When Zelda Sayre married F. Scott Fitzgerald, the couple instantly became New York celebrities. They were young, glamorous – and very much in love. But in private, their marriage was falling apart. Scott was an alcoholic, and had numerous affairs.

The strain on Zelda was tremendous. After being diagnosed with schizophrenia, Zelda spent time at a residential clinic. There, alone, over the course of six weeks, she wrote her first and only novel: Save Me The Waltz.

When he found out Zelda was muscling in on what he considered to be his territory, her husband was furious.

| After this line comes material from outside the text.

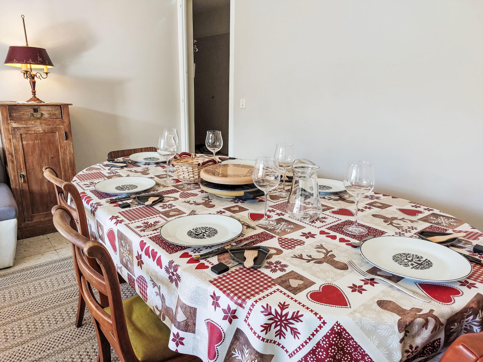 "Androsace", 5-room apartment 109 m2 on 1st floor. Spacious: living/dining room with TV (flat screen). Exit to the balcony. 1 room with 1 french bed (160 cm, length 190 cm). Exit to the balcony. 1 room with 1 french bed (140 cm, length 190 cm). 1 room with 2 beds (90 cm, length 190 cm). Exit to the balcony. 1 room with 2 beds (80 cm, length 190 cm). Kitchen (oven, 3 induction hot plates, toaster, kettle, microwave, freezer, electric coffee machine, raclette grill) with dining table. Exit to the balcony. Bathroom, double hand-basin. Oil heating. 2 small balconies 3 m2, east facing position, large balcony 7 m2, west facing position. Balcony furniture. Beautiful view of the mountains. Facilities: washing machine. Internet (WiFi, free). Garage (1 car). Please note: non-smokers only. TV only FR. Smoke alarm, no lift. Offer by a private individual according to Art. 155, IV of CGI.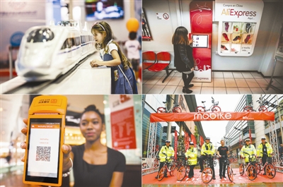 高铁、网购、移动支付和共享单车被誉为中国的“新四大发明”,彰显出中国式创新的强劲活力。拼版照片是:(左上)在希腊塞萨洛尼基,一个女孩在参观中国高铁列车模型;(右上)在智利首都圣地亚哥的一处智利邮政营业网点,一名女士在触摸屏上浏览阿里巴巴旗下的跨境电商平台全球速卖通;(左下)在加拿大多伦多约克戴尔购物中心,工作人员展示一名顾客所购商品的微信支付收款二维码金额(加拿大元);(右下)在英国曼彻斯特,几名警察在摩拜单车投放仪式上合影。

Even more so when he discovered that his wife’s novel was based largely on their private lives…the same private lives he was using as material in his novel, Tender is the Night, which he’d been working on for years. Hellooo, double standards…

Before Save Me The Waltz was published, Fitzgerald edited the text himself, changing things he didn’t like. Not surprisingly, Zelda’s original manuscript has been lost, so we’ll never see this novel as she intended.

Reading about Zelda’s life, I really respect her, not only as a writer, but as a woman. Everyone was convinced she was out of her mind, and every attempt she made to express herself artistically was met with intense criticism.

Unfortunately, this isn’t a story with a happy ending. Zelda was later admitted to an institution, this time permanently, where she died in a fire. Her voice was silenced forever.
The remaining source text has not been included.